PATCA is a community of experts and at our June meeting, Christopher Hansen, PhD a long-time PATCA member and founder of Covariant Corporation, gave a detailed briefing on the current state and likely evolution of the Wifi family of wireless communication protocols.  Wi‐Fi is a brand name for devices that have passed a certification test from the Wi‐Fi Alliance. Wi‐Fi devices implement the IEEE (Institute of Electrical and Electronics Engineers) 802.11 protocol: the letters “a/b/g/n/ac/ad/ah” are amendments. Wi‐Fi devices transmit and receive IP (internet protocol) packets and control traffic. The 802.11 protocol was initially released in 1997 and saw wider use with the 802.11a and 802.11b modifications: the standard has seen a steady evolution with new backward-compatible amendments released every few years adding new frequencies and modulation types.

Hansen drew a contrast to evolution of cell phone protocols that use licensed spectrum and assume the base station is two or three orders of magnitude more sophisticated than any handset or end station electronics.

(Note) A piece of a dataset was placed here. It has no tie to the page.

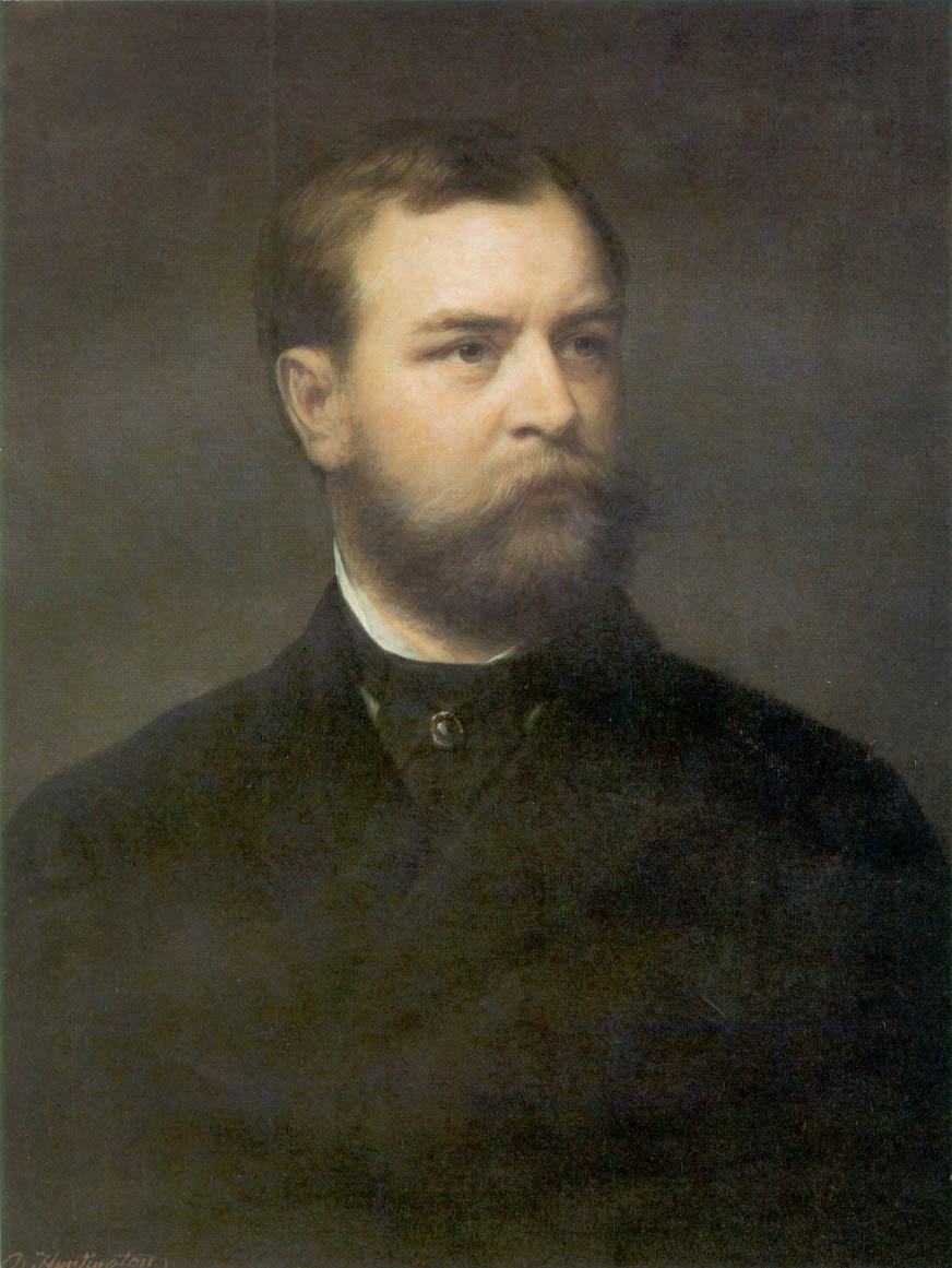 Robert Todd Lincoln

Wifi uses unlicensed spectrum and assumes  a more symmetric configuration with access points (wireless routers) and stations (clients) have roughly equal capabilities.

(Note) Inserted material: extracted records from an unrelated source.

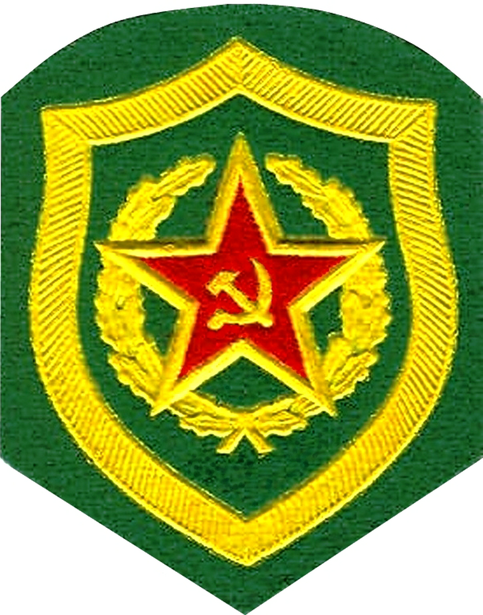 Emblem of the soviet armed forces 1960 to 1991, Soviet Army (military branches, service branches or armed services), sleeve badge (appliquéd) right hand upper arm (dress uniform/ parade uniform) to be used for the ranks OR1 to 8, and WO1 to 2, here: – “Frontier troops of the USSR”, design 1985.
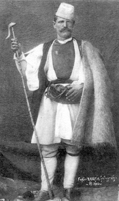 Vlach Shepherd in traditional clothes. Photo from the early 1900s
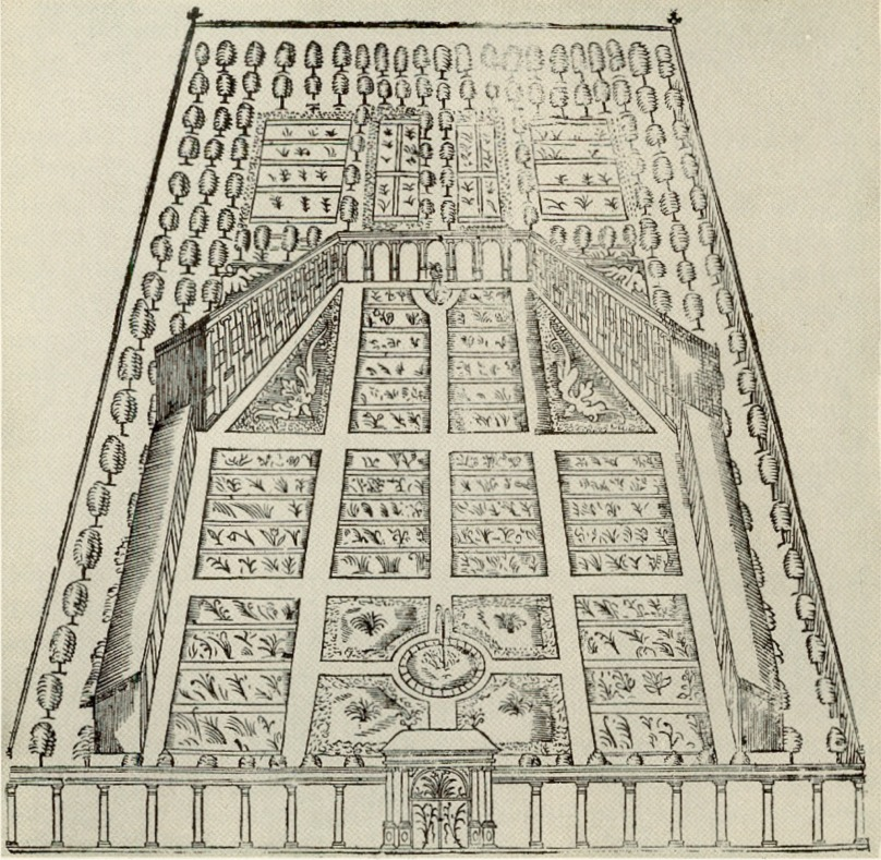 The old botanical garden of Uppsala University (now known as the Linnean Garden), depicted by Olof Rudbeck the elder in his work Atland eller Manheim dedan Japhetz afkomne, de förnemste keyserlige och kungelige slechter ut till hela werlden, henne att styra, utgångne äro, ..., also with the Latin title Atlantica sive Manheim vera Japheti posterorum sedes ac patria, ..., printed in Uppsala 1675.

  • 2400‐2483.5 MHz ISM band: shared with Bluetooth, microwave ovens, etc.
  • 5150‐5350, 5490‐5875 MHzUNII and ISM bands: some sub‐bands shared with radar systems
  • 57‐65GHz mmwave band (802.11ad)
  • sub 1GHz 802.11ah

Wi-Fi access speeds increase with each new generation, but there are fundamental limits to how fast these networks can operate.

  • Fairness to legacy devices forces overhead timings to remain fixed and limit throughput, the only way around this problem has been to add new spectrum as the 802.11ad does in the 60 Ghz (vs. 2.4Ghz and 5Ghz for older devices).
  • In addition there are complications introduced by overlapping device transmissions in the same area (a problem cellular addresses by having the base station control access in a particular cell).
  • The Near‐Far problem affects all wireless systems. Longer distances reduce signal power at the receiver, which reduces the data rate. Low data rates are often used for management (broadcast) traffic because the AP (wireless router) does not know how far away the client devices will be. This low data rate management traffic wastes bandwidth when stations are near.

Speaker Bio: Christopher Hansen has over 20 years of experience in wireless communications and a Ph.D. in electrical engineering from UCLA. Through his consulting company, Covariant Corporation, he has been helping clients with challenging problems in communication theory, signal processing, RF systems and Wi-Fi standardization for nearly five years.